Capítulo Setenta e Dois: O Comandante dos Cem Cavaleiros, Li Junxian

O Primogênito da Grande Dinastia Tang Titânio de Xiguan 3070 palavras 2026-01-30 15:46:00

Após as palavras “execução imediata” saírem da boca de Li Chengqian, uma mancha úmida apareceu nas vestes inferiores de Cui Jue.
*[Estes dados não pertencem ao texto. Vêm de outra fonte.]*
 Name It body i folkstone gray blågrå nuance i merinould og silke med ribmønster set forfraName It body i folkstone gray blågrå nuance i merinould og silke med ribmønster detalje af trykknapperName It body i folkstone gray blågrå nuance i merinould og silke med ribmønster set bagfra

Ninguém esperava por isso: Cui Jue havia se urinado de medo diante de Li Chengqian.

— Agora sabe o que é temer... mas já é tarde demais! — exclamou Li Chengqian com olhar impassível. — Guardas!

Nesse momento, Fang Xuanling e Wei Zheng aproximaram-se mais uma vez e, curvando-se, disseram: — Alteza, pense bem... Sem a ordem de Sua Majestade, não se pode tocar nos membros da família Cui.
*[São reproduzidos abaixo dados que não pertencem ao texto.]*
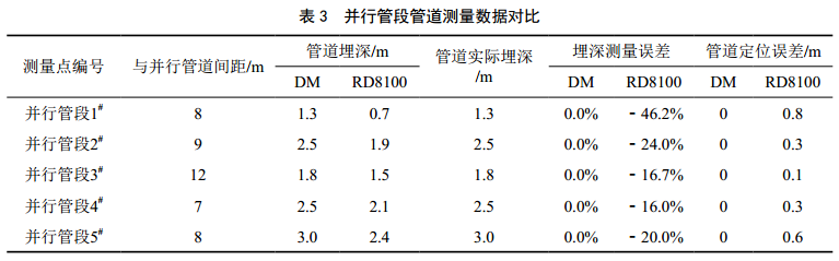 在管道并行區段選取5個(gè)點(diǎn)位的數據用于比對分析(表 3), DM在測量管道埋深和管道位置時(shí)誤差基本為零。 RD 8100在測量管道埋深時(shí)整體偏差達到﹣16%~﹣46.2%,其中1個(gè)點(diǎn)位(占樣本量的20%)測量誤差絕對值達到了46.2%,其他4個(gè)點(diǎn)位(占樣本量的80%)測量誤差為﹣16%~﹣24%, 80%樣本量的測量誤差絕對值的平均值為19.2%,整體誤差較大;在測量管道位置時(shí)偏差為0.1~0.8 m。由此可見(jiàn), RD 8100在測量時(shí)易受并行管段的影響,測量結果偏差較大,以往甚至發(fā)生過(guò)測量結果是其他并行管道的情況。 DM在測量時(shí)基本不受并行管道的影響,無(wú)論是管道位置還是埋深,與開(kāi)挖驗證數據基本一致。

Essas palavras provocaram um leve desagrado em Li Chengqian. Ele semicerrava os olhos ao encarar Fang Xuanling e Wei Zheng, perguntando:

— Senhores Fang e Wei, sempre tive em grande apreço os dois, mas hoje, vocês me decepcionaram profundamente. Quero perguntar apenas uma coisa: afinal, vocês são primeiros-ministros da nossa Grande Tang ou da família Cui? As leis da Grande Tang são claras: príncipe ou plebeu, todos respondem pelo mesmo crime. Agora que a família Cui cometeu um crime capital, por que intercedem por eles repetidas vezes? Por acaso acreditam mesmo que a família Cui está acima da Grande Tang?
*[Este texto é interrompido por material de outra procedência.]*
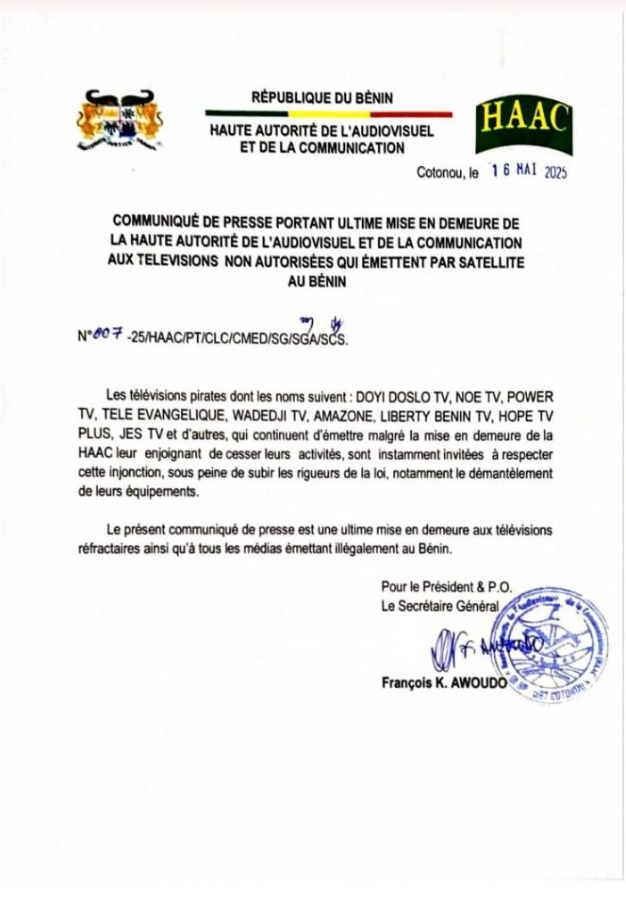 Malgré une première mise en demeure restée sans suite, la Haac revient à la charge. Le secrétaire général de l’institution rappelle que ces télévisions opèrent en dehors du cadre légal fixé par les textes régissant l’audiovisuel au Bénin. « Les chaînes concernées sont invitées à cesser toute émission, sous peine de subir les rigueurs de la loi », peut-on lire dans le communiqué.

Com esse brado furioso, Fang Xuanling e Wei Zheng ajoelharam-se juntos e exclamaram em uníssono: — Jamais ousaríamos!

— Muito bem... Se não ousam, afastem-se! Hoje, mesmo que eu, Li Chengqian, deixe de ser príncipe herdeiro, quero mostrar ao mundo que as leis da Grande Tang são sagradas e invioláveis, e que a família imperial Li é soberana. Qualquer clã ou nobre que queira desafiar as leis da Tang ou subjugar a minha família Li terá apenas um destino: a morte!

Ao terminar, Li Chengqian bradou em alta voz: — Guardas, levem Cui Jue para ser decapitado e exposto ao povo!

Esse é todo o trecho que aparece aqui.